*EXCERPTED RECORDS*.
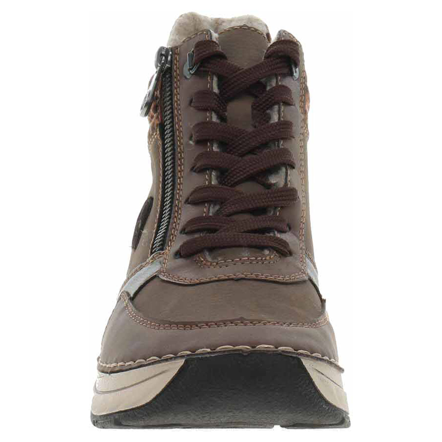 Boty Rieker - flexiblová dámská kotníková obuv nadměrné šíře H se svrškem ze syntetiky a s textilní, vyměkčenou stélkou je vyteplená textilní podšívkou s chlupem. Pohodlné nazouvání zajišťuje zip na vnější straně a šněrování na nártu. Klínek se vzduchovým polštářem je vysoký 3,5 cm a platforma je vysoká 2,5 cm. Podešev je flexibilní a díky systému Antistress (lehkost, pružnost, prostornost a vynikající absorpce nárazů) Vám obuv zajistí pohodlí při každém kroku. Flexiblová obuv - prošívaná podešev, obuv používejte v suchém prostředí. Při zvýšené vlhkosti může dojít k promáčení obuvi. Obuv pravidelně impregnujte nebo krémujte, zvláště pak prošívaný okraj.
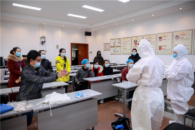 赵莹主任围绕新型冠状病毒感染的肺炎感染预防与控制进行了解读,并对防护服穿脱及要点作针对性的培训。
---
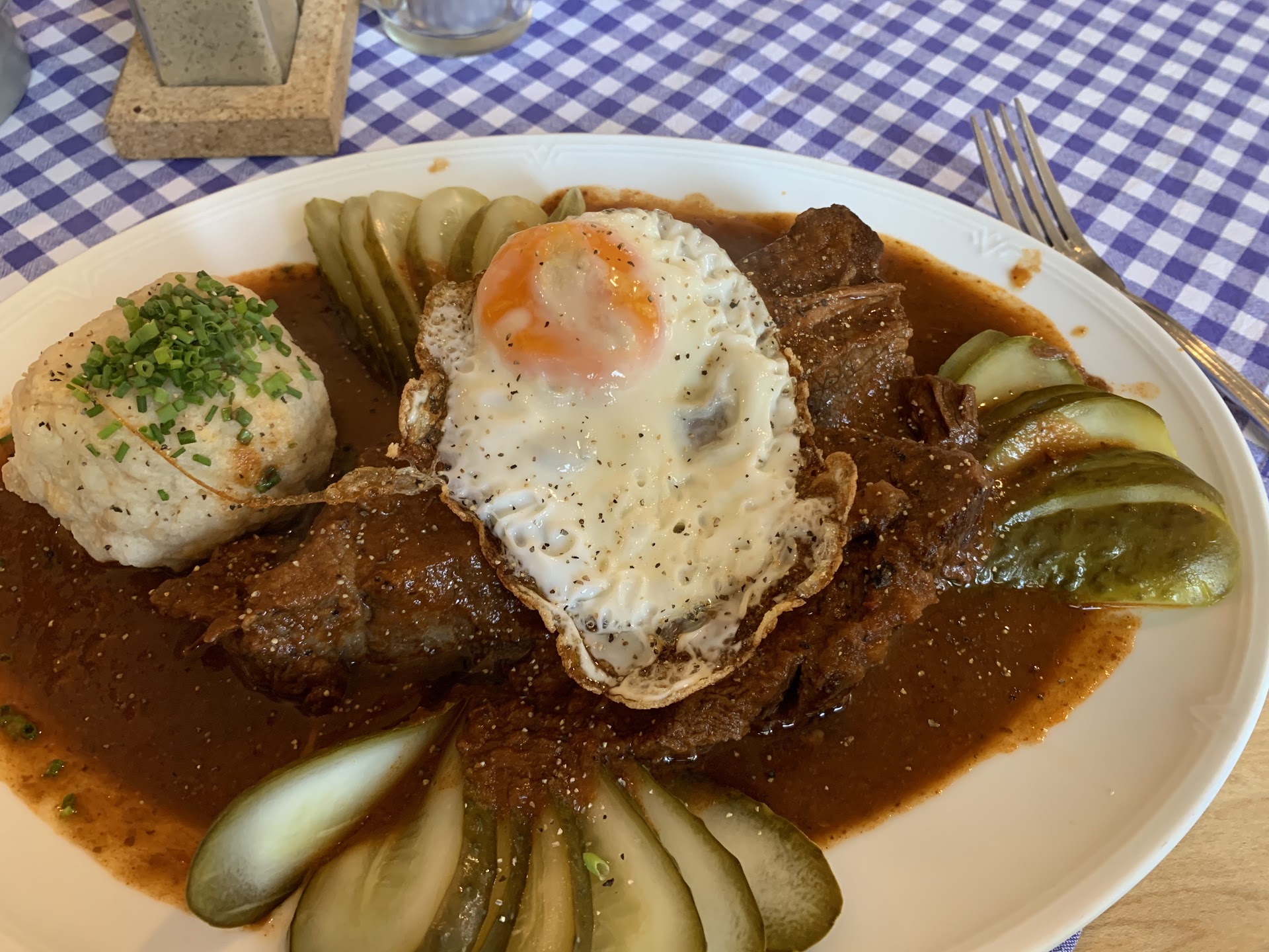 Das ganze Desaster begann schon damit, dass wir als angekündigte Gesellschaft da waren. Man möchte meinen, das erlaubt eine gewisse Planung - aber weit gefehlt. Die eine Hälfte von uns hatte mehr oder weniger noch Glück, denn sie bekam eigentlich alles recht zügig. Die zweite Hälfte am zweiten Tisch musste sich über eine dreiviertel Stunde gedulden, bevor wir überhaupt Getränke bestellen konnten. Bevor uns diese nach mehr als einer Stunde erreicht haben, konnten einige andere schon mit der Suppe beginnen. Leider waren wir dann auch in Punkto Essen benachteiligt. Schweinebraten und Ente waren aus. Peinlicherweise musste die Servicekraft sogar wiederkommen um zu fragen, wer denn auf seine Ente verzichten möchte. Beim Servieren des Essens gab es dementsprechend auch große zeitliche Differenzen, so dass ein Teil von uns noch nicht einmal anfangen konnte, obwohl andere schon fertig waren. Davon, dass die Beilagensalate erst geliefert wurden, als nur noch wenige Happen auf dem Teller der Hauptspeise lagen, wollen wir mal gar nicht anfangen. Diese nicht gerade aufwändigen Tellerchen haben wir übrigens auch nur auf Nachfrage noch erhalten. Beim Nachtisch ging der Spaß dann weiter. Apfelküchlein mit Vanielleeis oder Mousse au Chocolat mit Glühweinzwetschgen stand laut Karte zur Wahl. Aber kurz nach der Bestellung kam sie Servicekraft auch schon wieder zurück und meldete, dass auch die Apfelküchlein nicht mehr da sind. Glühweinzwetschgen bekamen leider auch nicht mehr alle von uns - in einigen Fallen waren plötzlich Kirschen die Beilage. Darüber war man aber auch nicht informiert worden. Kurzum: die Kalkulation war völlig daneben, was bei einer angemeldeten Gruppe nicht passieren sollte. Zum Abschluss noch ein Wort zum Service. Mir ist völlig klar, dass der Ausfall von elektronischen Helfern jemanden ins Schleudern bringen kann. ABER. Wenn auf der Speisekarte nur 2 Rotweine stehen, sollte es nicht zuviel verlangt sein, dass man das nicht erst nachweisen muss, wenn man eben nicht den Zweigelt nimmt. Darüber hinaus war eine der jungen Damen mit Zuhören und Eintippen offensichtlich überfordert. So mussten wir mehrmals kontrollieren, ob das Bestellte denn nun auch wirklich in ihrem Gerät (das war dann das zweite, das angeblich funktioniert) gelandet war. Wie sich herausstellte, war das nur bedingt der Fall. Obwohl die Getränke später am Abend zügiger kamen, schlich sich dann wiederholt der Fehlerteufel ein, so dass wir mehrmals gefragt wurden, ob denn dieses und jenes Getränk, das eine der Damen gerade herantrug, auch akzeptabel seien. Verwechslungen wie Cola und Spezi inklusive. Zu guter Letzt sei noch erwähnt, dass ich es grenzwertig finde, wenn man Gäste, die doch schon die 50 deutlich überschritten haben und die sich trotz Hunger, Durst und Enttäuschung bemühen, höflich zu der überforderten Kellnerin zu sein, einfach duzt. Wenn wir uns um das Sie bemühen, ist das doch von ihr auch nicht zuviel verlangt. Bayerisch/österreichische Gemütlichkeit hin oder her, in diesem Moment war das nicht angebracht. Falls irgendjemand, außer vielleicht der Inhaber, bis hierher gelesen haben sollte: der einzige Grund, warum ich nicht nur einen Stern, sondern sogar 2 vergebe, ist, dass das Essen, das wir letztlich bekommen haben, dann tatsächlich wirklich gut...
* * *
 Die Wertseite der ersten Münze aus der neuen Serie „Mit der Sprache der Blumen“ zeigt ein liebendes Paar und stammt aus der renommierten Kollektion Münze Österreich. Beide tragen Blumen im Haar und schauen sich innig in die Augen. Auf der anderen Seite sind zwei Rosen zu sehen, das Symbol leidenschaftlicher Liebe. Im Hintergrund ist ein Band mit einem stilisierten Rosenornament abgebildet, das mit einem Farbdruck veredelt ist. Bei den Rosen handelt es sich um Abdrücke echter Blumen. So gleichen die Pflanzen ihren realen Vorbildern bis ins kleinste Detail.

*REQUIRED ACTION*.
Beginning with the line that contains "Boty Rieker - flexiblová", write out the lines of the material above exactly, and end with the line that contains "赵莹主任围绕新型冠状病毒感染". Omit the pictures.

*EXERCISE OUTPUT*.
 Boty Rieker - flexiblová dámská kotníková obuv nadměrné šíře H se svrškem ze syntetiky a s textilní, vyměkčenou stélkou je vyteplená textilní podšívkou s chlupem. Pohodlné nazouvání zajišťuje zip na vnější straně a šněrování na nártu. Klínek se vzduchovým polštářem je vysoký 3,5 cm a platforma je vysoká 2,5 cm. Podešev je flexibilní a díky systému Antistress (lehkost, pružnost, prostornost a vynikající absorpce nárazů) Vám obuv zajistí pohodlí při každém kroku. Flexiblová obuv - prošívaná podešev, obuv používejte v suchém prostředí. Při zvýšené vlhkosti může dojít k promáčení obuvi. Obuv pravidelně impregnujte nebo krémujte, zvláště pak prošívaný okraj.
 赵莹主任围绕新型冠状病毒感染的肺炎感染预防与控制进行了解读,并对防护服穿脱及要点作针对性的培训。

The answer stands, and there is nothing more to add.